AI strategy now includes future projects

AI has grown into a larger part of Peter Mac’s strategy. Databricks is supporting the cancer centre in three additional use cases: genomics, radiation oncology, and cancer imaging. Additionally, Peter Mac is:

  • Extending the AI program to include mainstream bioinformatics, which includes population genetics projects that involve large sample sizes and large amounts of genomic data.
  • Applying advances in Large Language Models and Retrieval Augmented Generation to extract knowledge from clinical and radiology reports.
  • Planning to implement LLMs in the future for genomics and transcriptomics research, which analyses RNA or the transcriptome to remain competitive in cancer research.
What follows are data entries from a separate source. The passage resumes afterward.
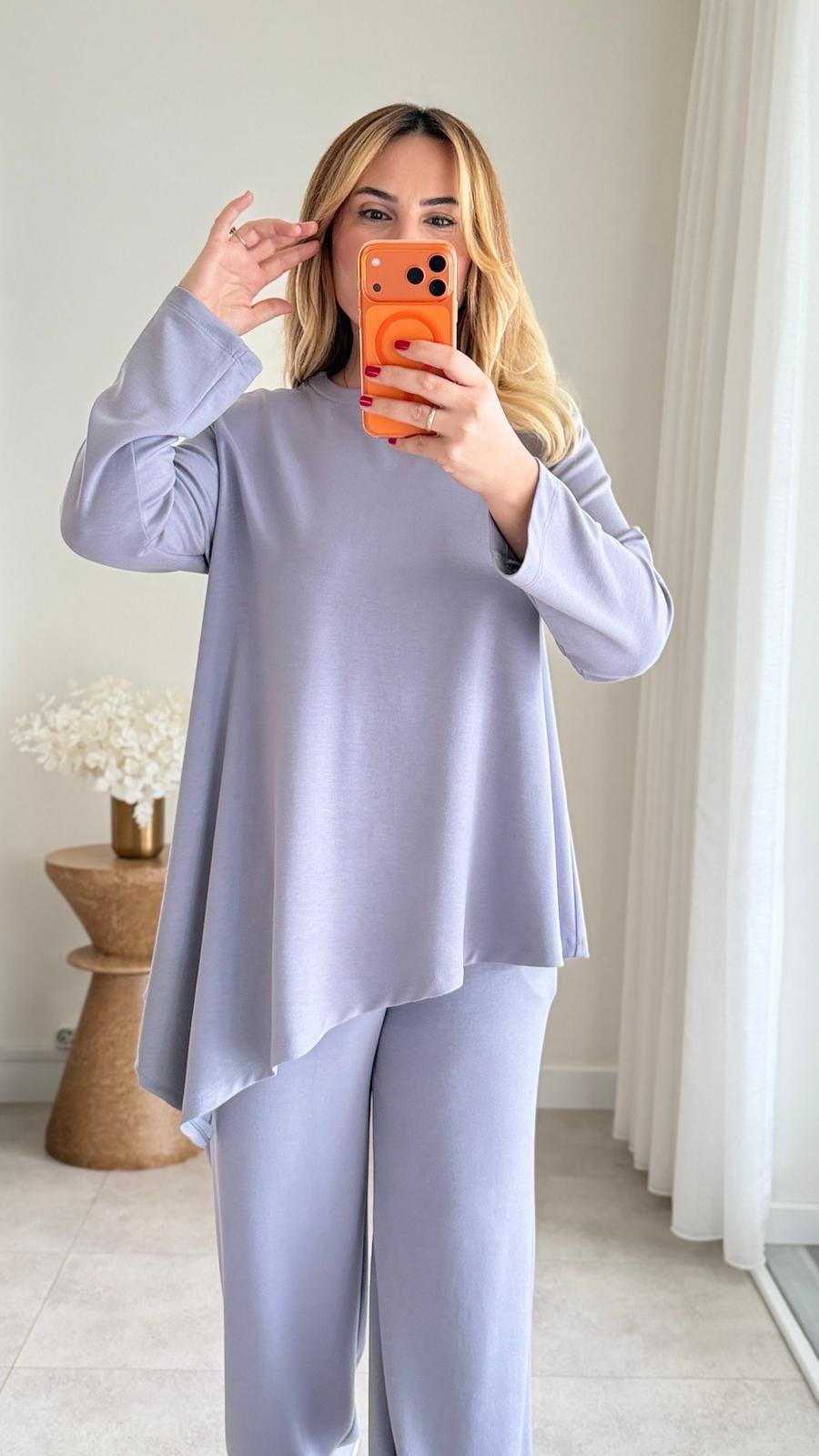 8908 Gri Asimetrik Kesim İkili Takım (SK-08908)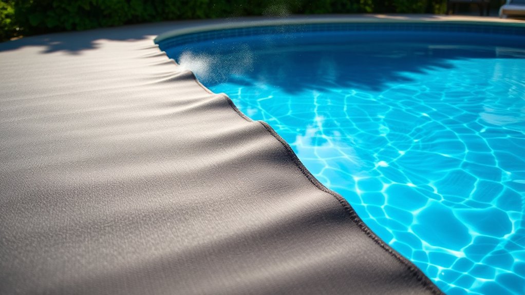 Pool covers substantially decrease water evaporation rates by creating a barrier that blocks heat loss and reduces exposure to wind. This helps retain solar heating, keeping your pool warmer longer. With increased wind resistance, fewer droplets escape, saving water and energy. You’ll notice less water top-up needed and maintained pool temperature, making your swimming experience more comfortable and eco-friendly. Plus, it minimizes chemical loss, maintaining water quality efficiently.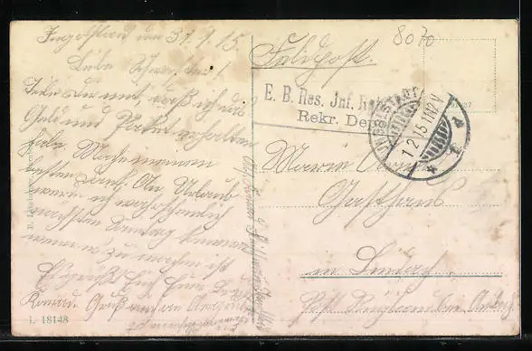 alte Ansichtskarte, gelaufen als Feldpost 1915, guter Zustand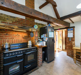 - Entrance hall leads to a kitchen with exposed beams, updated in January 2025, featuring fitted units, an integrated dishwasher, and space for a range cooker, washing machine, and fridge/freezer.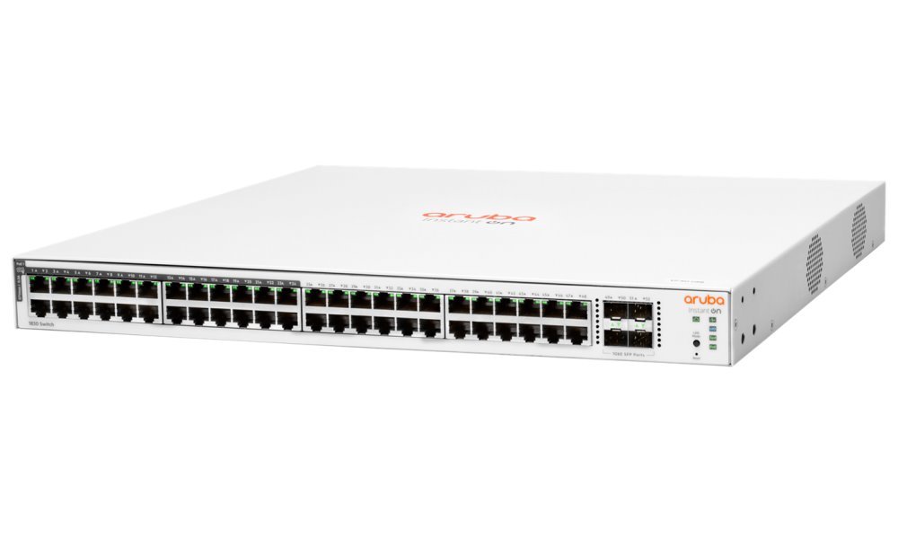 Spravovatelný PoE+ switch nabízející 24× 10/100/1000 Mbps RJ-45 portů s PoE+ (802.3af/at), 24× 10/100/1000 Mbps RJ-45 portů a 4× 1 GbE SFP sloty. Přepínací kapacita switche je 104 Gbps a rychlost směrování činí 77,37 Mpps. Mezi hlavní přednosti patří snadná tvorba oddělených VLAN, QoS nebo IGMP Snooping. Řada Aruba 1830 nabízí uživatelsky přívětivé webové rozhraní či mobilní aplikaci pro snadnou konfiguraci a správu.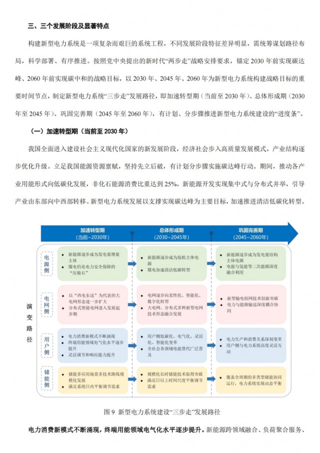 按照黨中央提出的新時代“兩步走”戰(zhàn)略安排要求,錨定2030年前實現(xiàn)碳達峰、2060年前實現(xiàn)碳中和的戰(zhàn)略目標,以2030年、2045年、2060年為新型電力系統(tǒng)構建戰(zhàn)略目標的重要時間節(jié)點,制定新型電力系統(tǒng)“三步走”發(fā)展路徑,即加速轉型期(當前至2030年)、總體形成期(2030年至2045年)、鞏固完善期(2045年至2060年),有計劃、分步驟推進新型電力系統(tǒng)建設的“進度條”。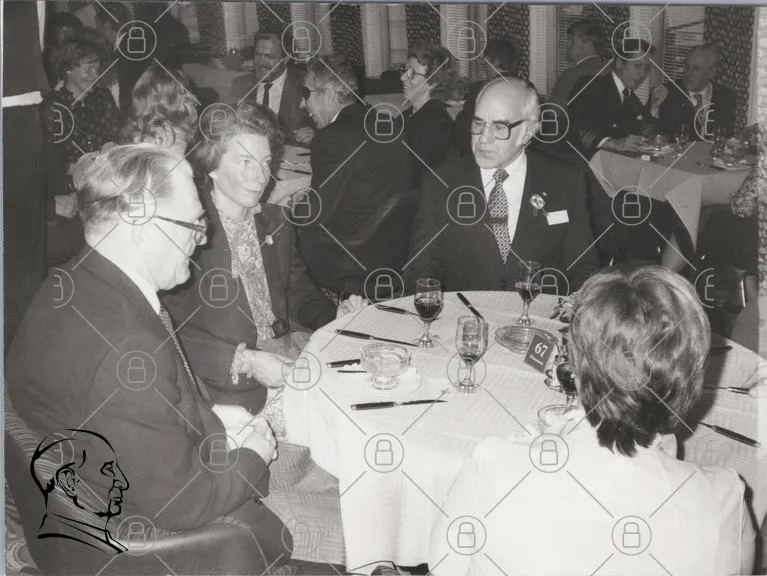 middag, restaurang, människor, samtal, kläder, glas, bord, svartvitt, 1970-tal, affärsmöte, formell, socialt, evenemang, diskussion, mat, dryck, sittande, grupp, professionell, interaktion, stil, elegans, nätverkande, samarbete, tradition, kultur, historia, fest, samling, gemenskap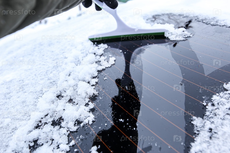 Краснодар, Россия-26 декабря 2018. Очистка автомобиля от снега пластиковым скребком. Экстремальный снегопад в европейском городе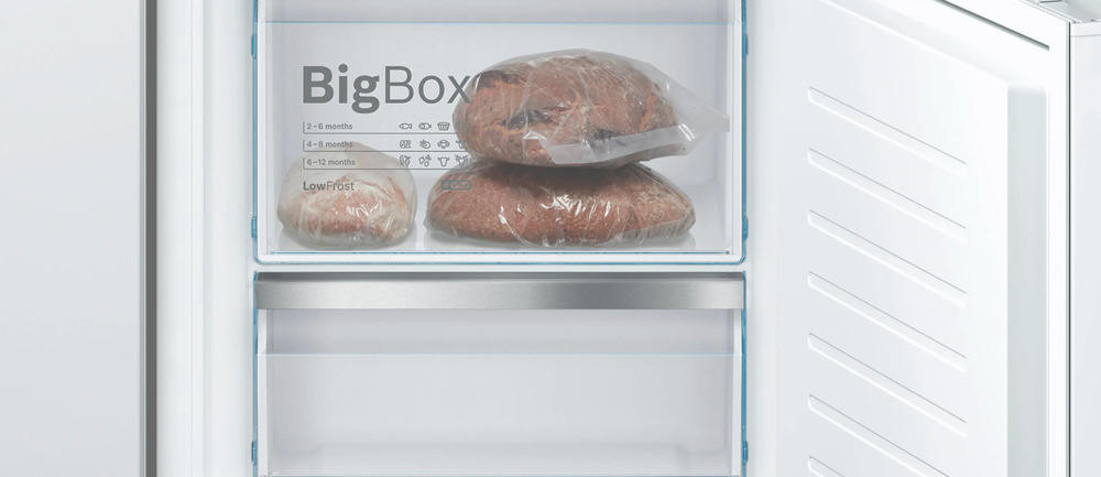 Морозильный отсек расположен внизу, что удобно для доступа к наиболее часто используемой холодильной части; внутри морозилки два ящика, один из которых большой BigBox для объемной упаковки. Наличие одной ванночки для льда позволяет быстро приготовить запас кубиков, а автоматические и звуковые индикации открытой двери и сигнализация об ошибке обеспечивают дополнительный контроль состояния прибора. Количество компрессоров одно и работает на двух контурах охлаждения, что повышает надежность и стабильность температур в каждой камере. Монтажный тип — жесткое крепление (система door on door) с возможностью перенавешивания двери и правым дверным упором, что обеспечивает гибкость при встраивании в кухонный гарнитур: рекомендуемый размер ниши для встраивания составляет 177.2–178 х 56 х 55–56 см. Размеры корпуса 177.2 х 55.8 х 54.5 см и вес нетто 67 кг говорят о солидной конструкции, готовой к длительной эксплуатации. Длина сетевого кабеля 1.6 м удобна для стандартной установки, электрические параметры 220–240 В и частота 50–60 Гц с предохранителем 10 А соответствуют домашним сетям. В приборе предусмотрены функции, повышающие комфорт при длительных отъездах: режим «Отпуск» снижает энергопотребление при минимальном обслуживании, а календарь хранения продуктов помогает планировать сроки употребления и избегать потерь. Встроенная светодиодная подсветка обеспечивает равномерное освещение внутреннего пространства, облегчающее поиск нужных позиций даже в глубине полок. Класс энергопотребления D (ранее обозначался как A+++) демонстрирует баланс между эффективностью и функциональностью, а годовой расход энергии подтверждает экономичный режим работы.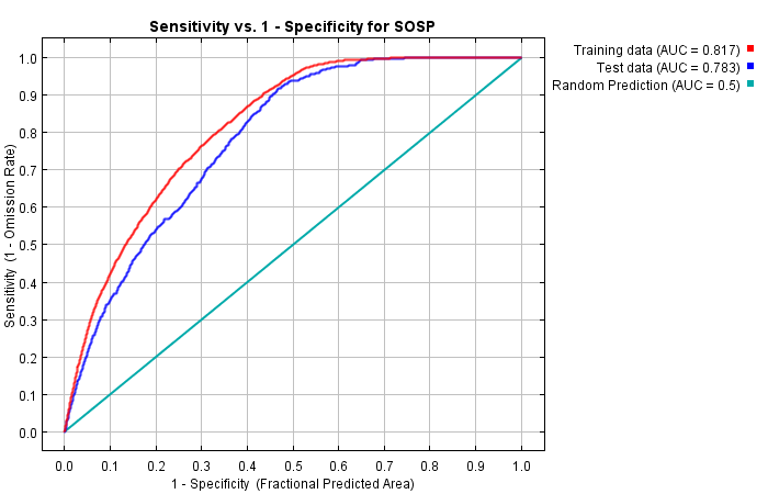 | 16.839 | Maximum training sensitivity plus specificity | 0.401 | 0.131 | 0.174 | 0E0 |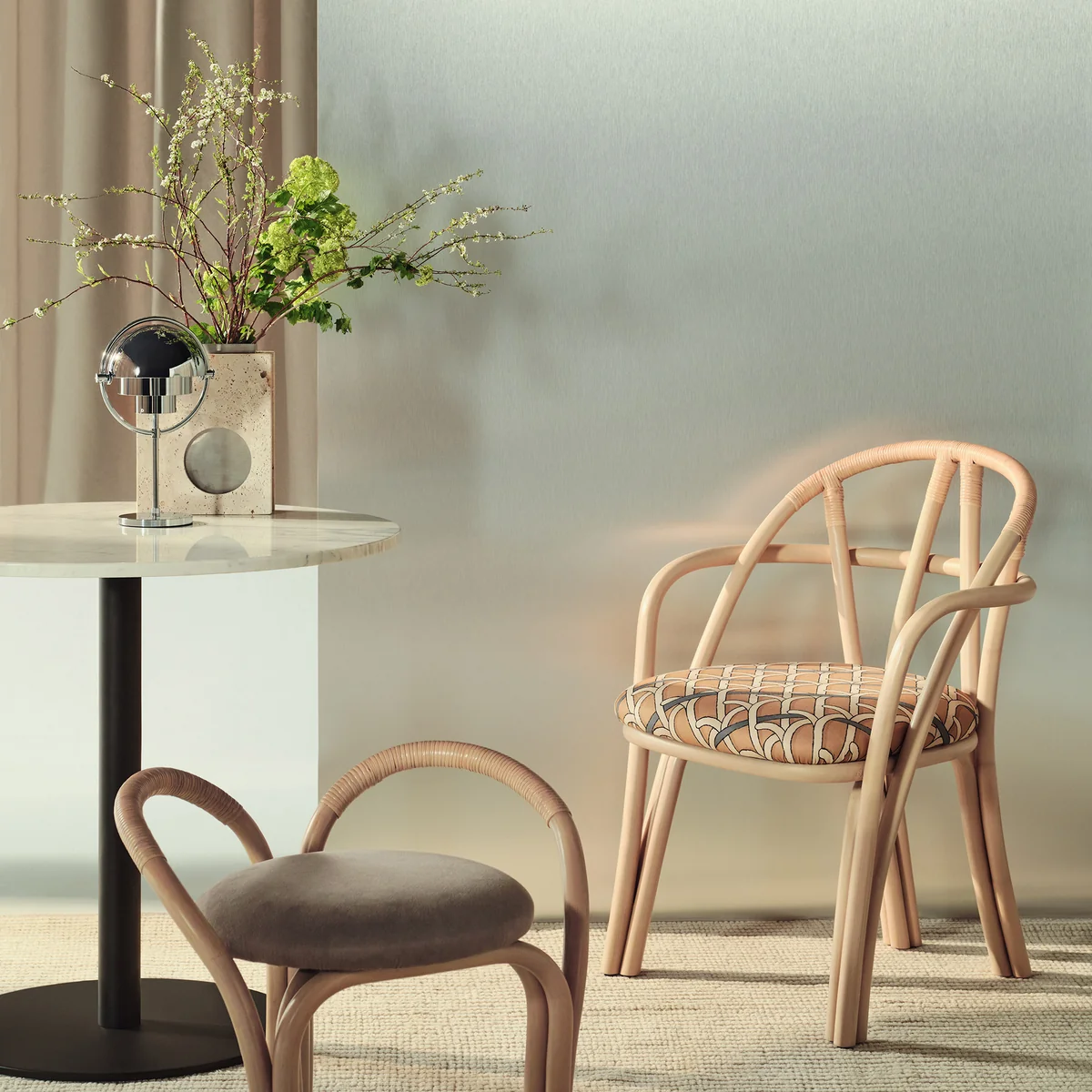 Skulpturales Design aus gebogenem Rattan

John Holland aims to unify data across construction operations

Meanwhile, John Holland managed 80 large-scale infrastructure projects worth AUD $13.2 billion in 2023. However, Travis Rousell, the company’s head of data and analytics, said its legacy data warehouse environment was fragmented and difficult to integrate.

SEE: How to improve data quality in data lakes

“We’ve got all the typical problems everybody’s had historically with data warehouses and data problems,” Rousell said. “Our legacy data warehouse environment was built incrementally over 20 years. It’s slowly evolved and developed out, and we’ve created this really swampy set of data silos.”

Rousell added: “We could build BI [Business Intelligence] and reports on the front of those, but joining that data together to be able to create insights into the flow of activities and behaviors that are occurring so that we can drive change across our business has been a really difficult process for us.”

A unified data platform to deliver useful insights

John Holland set out to create a unified data platform to unlock data for business value. This was part of the group’s effort to drive innovation and competitive advantage in its industry through modern data and digital practices as part of a broader digital transformation push.

The organisation has sought to:

  • Provide a unified and integrated view of data across the business.
  • Manage governance of data across separately managed projects.
  • Achieve a focus on data engineering rather than platform engineering.

Cost savings come from better data management

John Holland has so far delivered several core business processes to Databricks’ data lake, including project management, project operations, project controls, safety, and fleet analytics.

As a result of using Databricks, Rousell said that John Holland had:

  • Reduced platform infrastructure costs by 46% on like-for-like workflows compared with legacy environments;
  • Reduced data engineering development effort and time by 30% by building out new data products and models.
  • Migrated over 600 users to data products provisioned through the Databricks data lakehouse.

IT becoming an enabler for John Holland’s business

Rousell said that Databricks ensures IT and technology do not constrain the business from progressing.

“I think the biggest thing for me that we’re achieving by doing this is we’re creating this data culture of ‘yes’ within John Holland,” Rousell explained. “Historically, the difficulty in provisioning new and innovative products has meant we’ve had to stand up large slow projects and underdeliver for the business.

“Now, if the business has an idea, we can say yes; we can deploy them a data workspace that gives them access to all the capability and tooling they’ll need, and they can go and build that at the speed.”